Don’t Be Late! (But Assume That Your Project May Be)
Originally published as an Op-Ed by the Oregon Daily Journal of Commerce on June 17, 2021.
The combination of the COVID-19 pandemic, skyrocketing construction material costs, labor and material shortages, and a hot housing market presents a predictable risk: despite your best efforts, your project might not finish on time. What should owners and contractors do to prepare?
Evaluate whether to waive consequential damages
“What do you mean I can’t recover all my damages?” Owners often unwittingly agree to a mutual waiver of consequential damages as many industry standard construction template agreements include a mutual waiver. The consequences of overlooking a waiver of consequential damages can be devastating. When a project is late, the owner and contractor (but principally the owner in my experience) may suffer consequential damages. As generally known in the industry, consequential damages include, among other things, lost profits, loss of use, increased financing costs, lost opportunities, and damages to reputation. These damages often dwarf the owner’s direct damages and can possibly exceed the total contract value. The strategy for contractors is generally straightforward: insist on a waiver of consequential damages. Contractors may even want to strengthen the template waiver provisions found in many standard construction agreements. Owners, on the other hand, are wise to address this issue head-on during the contract negotiation and not accept the waiver of consequential damages as a foregone conclusion. Market forces will likely dictate whether owners can strike the waiver altogether. But even if the waiver cannot be avoided, owners have options such as: 1, linking the waiver to apply only to non-insurable damages, 2, setting a cap on the recovery of consequential damages, 3, excluding certain categories of damages from the waiver, 4, limiting the waiver to damages incurred prior to the date of substantial completion (during which period the owner may be protected by a liquidated damages provision), or 5, insisting on a liquidated damages provision as a condition for including the waiver of consequential damages. Owners are also cautioned to avoid or limit a consequential damages waiver clause’s application to lost revenue after substantial completion, which arises when construction defects cause the need for repairs and tenant evacuations. Don’t be the party uttering the first sentence of this section.

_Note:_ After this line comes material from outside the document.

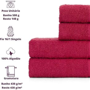 Conteúdo: Jogo com 4 peças - 2 Banho 2 RostoGramatura: 430 g/mPeso Aproximado da Toalha de Banho: 490 a 510 GramasPeso Aproximado da Toalha de Rosto: 160 a 180 GramasTamanho da Toalha de Banho: 80x150 cmTamanho da Toalha de Rosto: 45x80 cmColeção: Itália SoftFio: 16/1 SingeloMaterial: 100% Algodão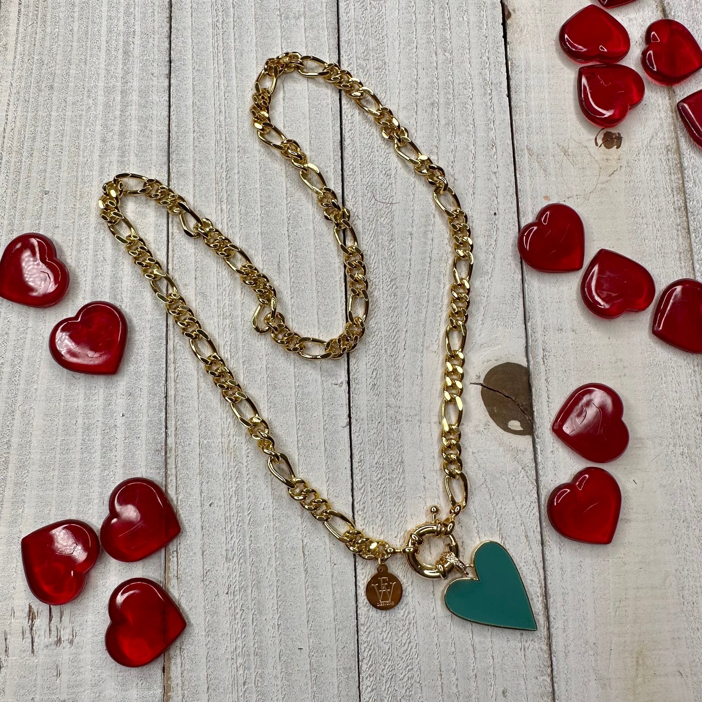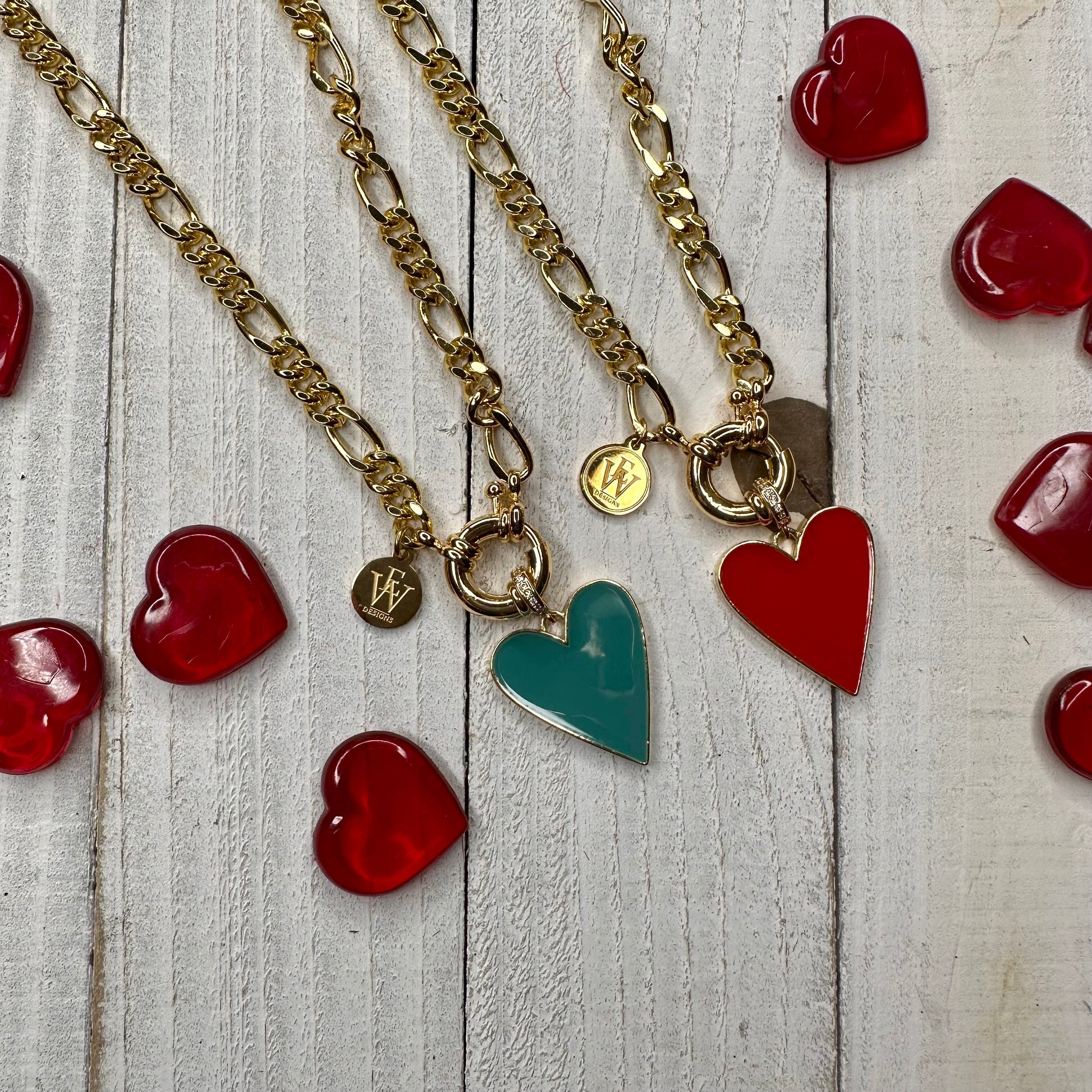 Cuban Link Chain with Enameled Heart Pendant 300-25 | Erika Williner Designs

Consider liquidated damages
To allocate the risk of delay before construction begins, owners and contractors should both consider stipulating to liquidated damages. These should be a reasonable forecast of the owner’s delay damages, and ordinarily should not be a penalty (a liquidated damages provision that is a penalty is at risk of being unenforceable). Contractors benefit from a liquidated damages provision because they can price the risk of delays from the outset of the project and better evaluate the cost of accelerating. Contractors also often pair an agreement on a liquidated damages provision with a mutual waiver of consequential damages. Among other benefits, this pairing means the contractor’s risk for delays substantially decreases once the project reaches substantial completion as liquidated damages are typically linked to the date of substantial completion. Owners benefit from a liquidated damages provision because they can predictably measure the cost of delays. Owners can also use liquidated damages to push contractors that fall behind schedule. Owners are cautioned, however, to avoid back-of-the-napkin calculations of liquidated damages as undervalued liquidated damages can backfire and possibly even motivate the contractor to finish late. As discussed in a prior column written for the DJC (“When to have the hard talk about setting liquidated damages,” by Colm Nelson, on Sept. 18, 2020), deciding when to negotiate liquidated damages is also a tricky issue that should be approached with care during each project.
Double-check claim-related contract provisions
Does your construction contract require the contractor to submit an analysis (often referred to as “time impact,” “critical path,” or simply “delay” analysis) to substantiate a request for additional time? Can you recover attorney fees under your contract if you have to file suit or demand arbitration? Can you recover expert costs in the event of a dispute (for instance, the expert hired to prepare the required critical path analysis)? Will you be presenting your delay claim to an arbitrator experienced in the construction industry or a judge or jury that may have little to no familiarity with construction claims, let alone delay analyses? Does your contract have a force majeure provision? How about a material cost escalation clause? These are some of the issues that should be carefully reviewed in any contract negotiation with an eye toward the risk of project delays.
One silver lining of the COVID-19 pandemic may be the reminder that we should always expect the unexpected. That is the right mindset when reviewing your next construction contract amid the many challenges facing the industry today.